Manipulating price oracles is an extremely time-sensitive operation, because arbitrageurs are always watching and hoping to have the opportunity to optimize any sub-optimal market. If the attacker wants to minimize the risk, he needs to execute the two transactions required to manipulate the price oracle in a single transaction, so that arbitrageurs cannot get a foot in the middle. As a developer agreement, if your system can support, simply Located between the entry and exit system to a short delay is sufficient to block blocks.
Of course, this may affect the composability of the agreement, and the number of miners and traders joining hands to commit evil is increasing. In the future, bad factors may perform price oracle manipulation in multiple transactions, because they know that the miners they work with will ensure that no one can insert in the middle and get a share of their profits.
Time-weighted average price TWAP
Uniswap V2 introduces a TWAP oracle machine for developers on the chain. This document details the exact security guarantees provided by this oracle. Generally speaking, for large liquidity pools that have not been congested by the blockchain for a long time, the TWAP oracle has a high degree of resistance to oracle manipulation attacks. However, due to the nature of its implementation, it may react quickly enough to the huge time market volatility, liquidity and applies only to existing tokens on the chain assets.
Sometimes they say that if you want to do the right thing, you’d better do it yourself. What if you call up N trusted friends and ask them to submit the on-chain price they think is correct, and the best M answer is the current price?
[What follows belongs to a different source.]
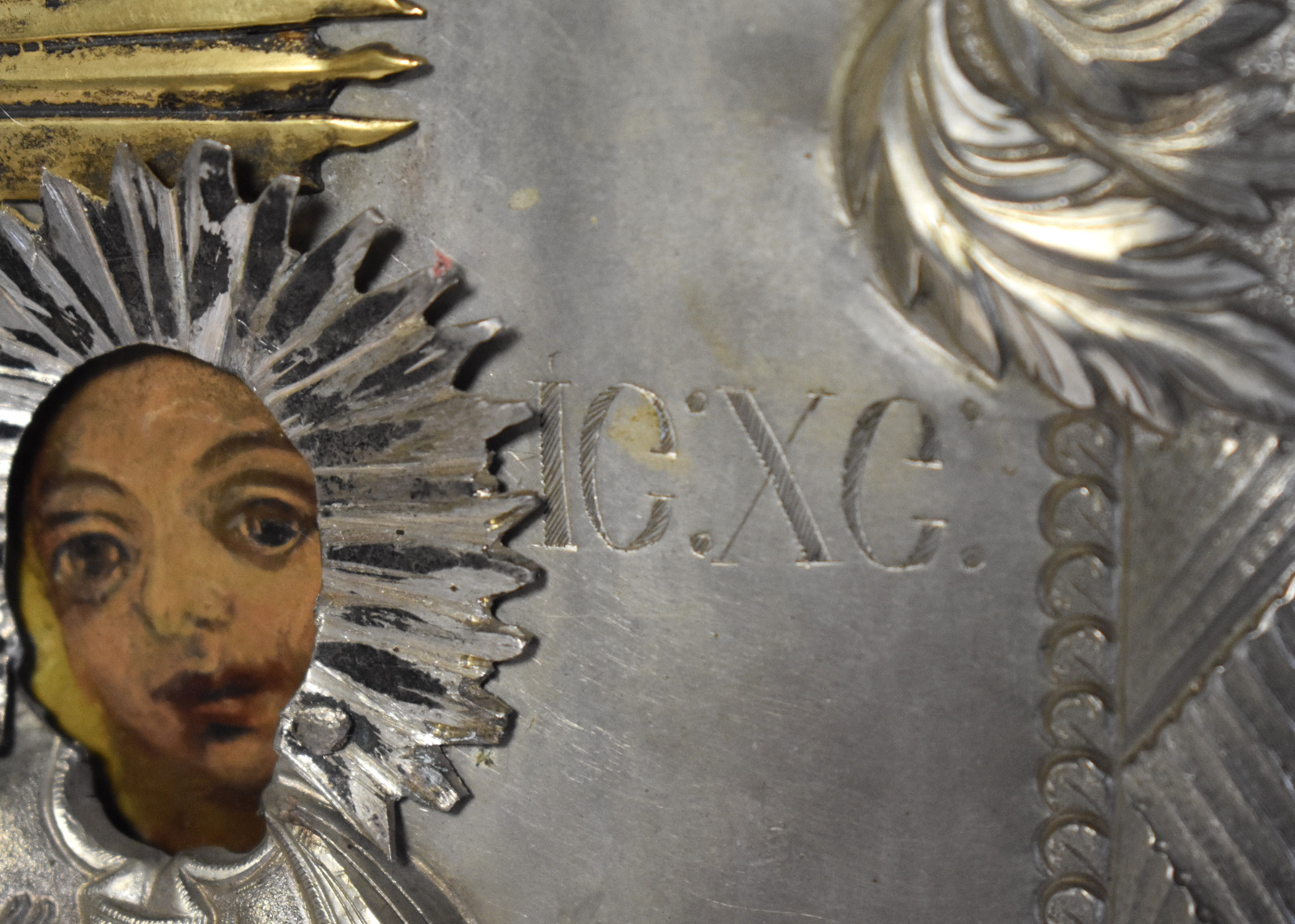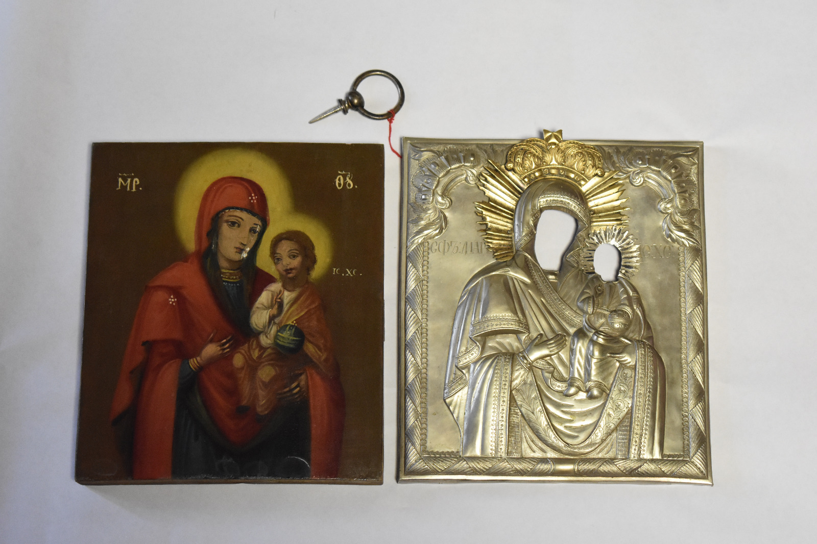 Stare de conservare conform foto. Lipsă un braț al crucii de pe coroana Maicii Domnului - vezi foto!

This method is now adopted by many large-scale projects: Maker runs a set of price sources operated by trusted entities, Compound creates special bidders such as Open Oracle and Coinbase, Chainlink aggregates price data from Chainlink operators and puts them on the chain Make it public. Remember, if you choose to use one of these solutions, you have now delegated trust to a third party, and your users can only do so. Requiring bidders to manually release on-chain updates also means that during periods of high market volatility and blockchain congestion, price updates may not arrive on time.
to sum up
DeFi price oracle for safety-critical, but often overlooked. Using price oracles safely is a difficult problem. There are many ways to balance yourself and your users. In this article, we introduced the oracle price manipulation cases of attacks have occurred, and confirmed that reads price information in the transaction process may be unsafe, may lead to catastrophic financial losses. We also discussed some of the techniques used by other projects to combat price oracle manipulation. In the final analysis, every situation is unique, and you may find yourself unsure whether the current use of price oracles is correct. If this is the case, please feel free to contact us for advice.
Special thanks to Dan Robinson and Georgios Konstantopoulos for reviewing this article.